The senator asks personnel to describe health care treatment.
Friday, June 1, 2007 | 12:00 a.m. CDT; updated 9:04 a.m. CDT, Tuesday, July 22, 2008

Two months ago, Cpl. Stephen Webber was in Fallujah, Iraq.

The 2001 Hickman High School graduate was nearing the end of his second deployment with the Marine Reserves. Webber said his company sustained more casualties than he could count. Eight of his friends were killed.

Before returning to the U.S., Webber and his fellow Marines were asked to fill out a form as part of a study on post-traumatic stress disorder. Webber said there was a general understanding among his fellow Marines that if they indicated they were showing possible signs of the disorder, they would be taken for treatment upon returning to the states and would not be able to see their families immediately.

”We literally sat down in a group and said, ‘What are you marking down for No. 1?’” Webber said. “Everybody checked the boxes and said, ‘I’m fine, I’m fine, I’m fine, I didn’t see anything bad, I didn’t see anything bad, I didn’t see anything bad. OK, I am going home now.’”

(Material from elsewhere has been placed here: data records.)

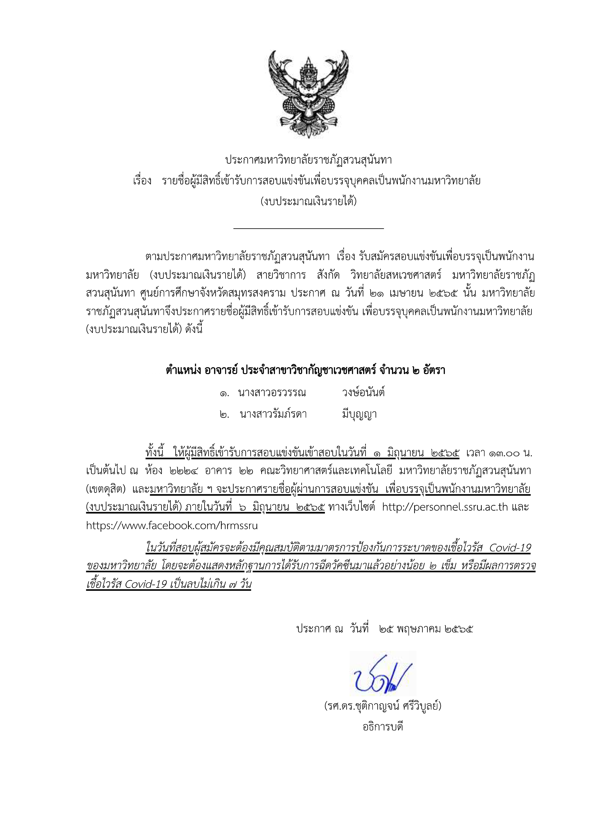 ประกาศรายชื่อผู้มีสิทธิสอบแข่งแขัน ตำแหน่งอาจารย์ประจำสาขาวิชากัญชาเวชศาสตร์ 2 อัตรา สังกัดวิทยาลัยสหเวชศาสตร์.pdf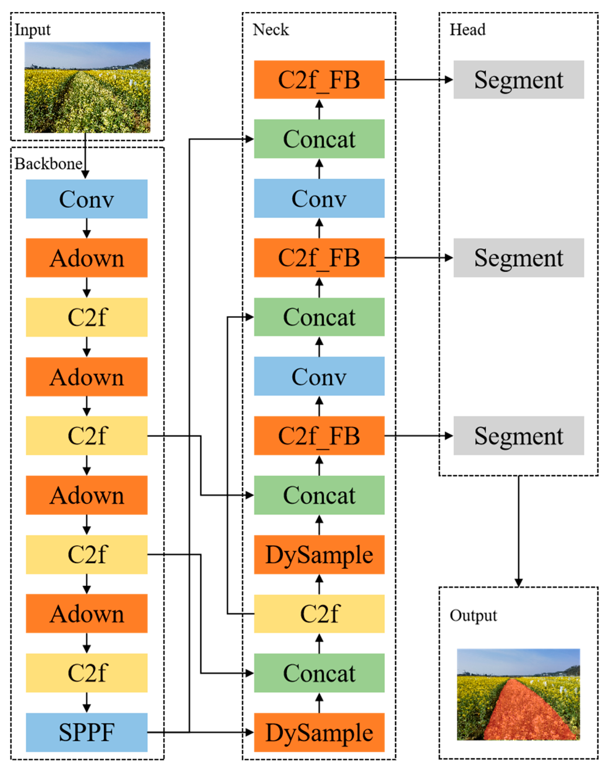 The proposed collaborative optimisation framework comprises three modules: ADown, DySample, and C2f_FB. This is not a simple amalgamation of existing lightweight components, but rather a methodologically designed approach tailored to address three core constraints identified during rapeseed parent row navigation. These modules form a progressive collaborative mechanism of “feature fidelity—edge enhancement—computational efficiency optimisation”, achieving a fundamental leap from segmentation model refinement to enhanced navigation system performance.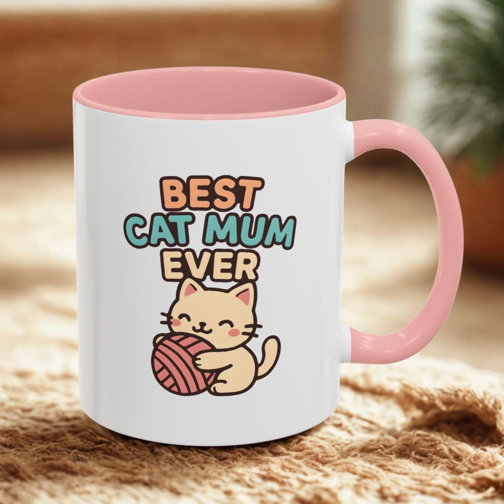 Funny Cat Mum Mug – the purrfect way to bring laughter and love to every coffee break. Featuring a playful cartoon kitty cuddling a ball of yarn with the words “Best Cat Mum Ever,” this mug is both adorable and humorous.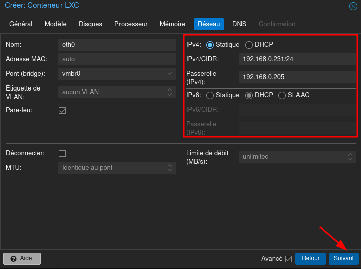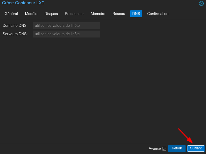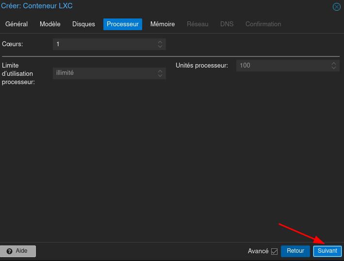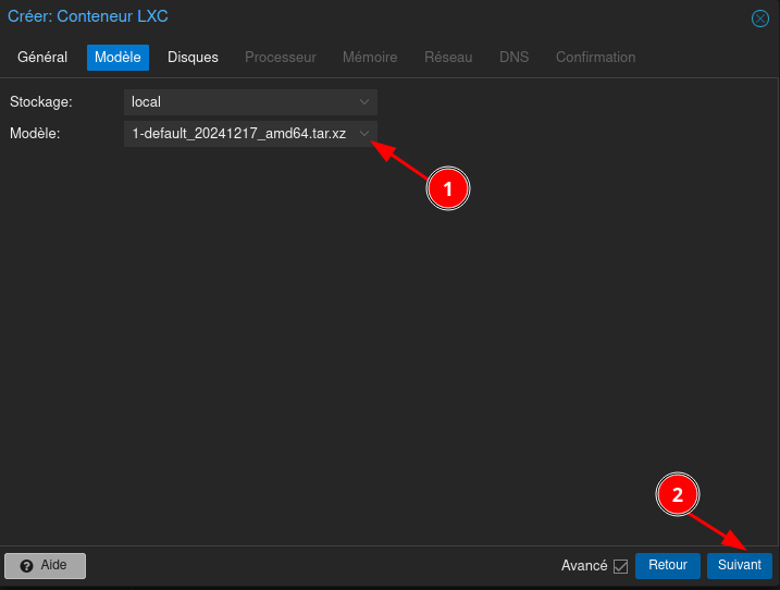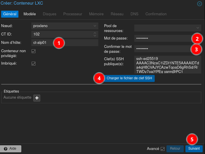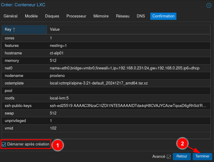 Conteneur non privilégié : cette option permet de choisir au moment de la création si vous voulez créer un conteneur privilégié ou non privilégié.

Webber recounted this experience to Sen. Claire McCaskill, D-Mo., on Thursday during a forum at American Legion Post 202 in Columbia about health care and benefits provided by the U.S. Department of Veterans Affairs. The visit was one stop on a four-day, 15-city tour McCaskill is making through Missouri to hear about the quality and accessibility of medical and mental health treatment for veterans in the state’s VA facilities.

McCaskill seemed taken aback by Webber’s account.

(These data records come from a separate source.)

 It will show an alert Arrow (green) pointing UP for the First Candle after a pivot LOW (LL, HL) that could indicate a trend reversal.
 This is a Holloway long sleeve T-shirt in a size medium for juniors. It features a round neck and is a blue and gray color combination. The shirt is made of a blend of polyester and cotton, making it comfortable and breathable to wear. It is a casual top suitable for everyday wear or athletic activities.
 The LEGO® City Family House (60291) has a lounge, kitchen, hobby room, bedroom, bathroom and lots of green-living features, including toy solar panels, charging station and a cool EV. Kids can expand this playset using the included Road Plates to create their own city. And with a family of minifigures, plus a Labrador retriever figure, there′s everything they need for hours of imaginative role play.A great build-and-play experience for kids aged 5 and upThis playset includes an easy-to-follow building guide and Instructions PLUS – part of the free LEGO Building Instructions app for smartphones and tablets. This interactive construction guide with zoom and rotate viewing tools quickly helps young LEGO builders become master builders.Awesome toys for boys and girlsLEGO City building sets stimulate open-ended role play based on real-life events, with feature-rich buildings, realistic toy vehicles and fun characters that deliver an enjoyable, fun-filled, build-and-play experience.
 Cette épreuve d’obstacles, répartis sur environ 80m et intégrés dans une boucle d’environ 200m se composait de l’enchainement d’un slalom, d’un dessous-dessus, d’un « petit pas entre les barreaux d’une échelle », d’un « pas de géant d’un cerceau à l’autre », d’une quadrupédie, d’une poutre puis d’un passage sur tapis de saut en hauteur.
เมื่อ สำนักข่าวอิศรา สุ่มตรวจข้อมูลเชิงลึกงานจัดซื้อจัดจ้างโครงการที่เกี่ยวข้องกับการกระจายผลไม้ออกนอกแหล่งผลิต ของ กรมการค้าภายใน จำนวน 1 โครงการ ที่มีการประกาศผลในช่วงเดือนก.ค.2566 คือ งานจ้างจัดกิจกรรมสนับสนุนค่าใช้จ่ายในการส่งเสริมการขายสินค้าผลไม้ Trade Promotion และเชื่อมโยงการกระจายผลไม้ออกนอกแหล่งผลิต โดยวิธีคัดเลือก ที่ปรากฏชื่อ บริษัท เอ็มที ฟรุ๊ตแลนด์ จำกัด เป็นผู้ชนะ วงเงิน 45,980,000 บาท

“I want to make sure I get this straight,” she said. “You say you were actually told that if you have anything wrong with you, you’re not going home?”

Many in the room expressed their agreement that this was a common occurrence.

“I need to know about that,” McCaskill replied. “That is a conversation with Secretary (of Defense Robert) Gates.”

McCaskill’s press secretary, Maria Speiser, said that any information the senator and her staff gather from this tour will be relayed to the proper authorities.

To open the session, McCaskill said that since arriving in Washington, she has noticed a “systematic chipping away of veterans’ benefits.” McCaskill also mentioned the release of a two-month study that praised conditions in Missouri’s 22 VA health-care facilities. One of those facilities is Truman Memorial Veterans Hospital in Columbia.

McCaskill briefly discussed legislation she has introduced or co-sponsored, including a bill she is sponsoring with Sen. Barack Obama, D-Ill., that would study the mental health of returning service members from Iraq and Afghanistan.

“I’ll be able to go back to Washington right after this tour and begin to actually change and shape the legislation based on what I hear from you,” she told the audience.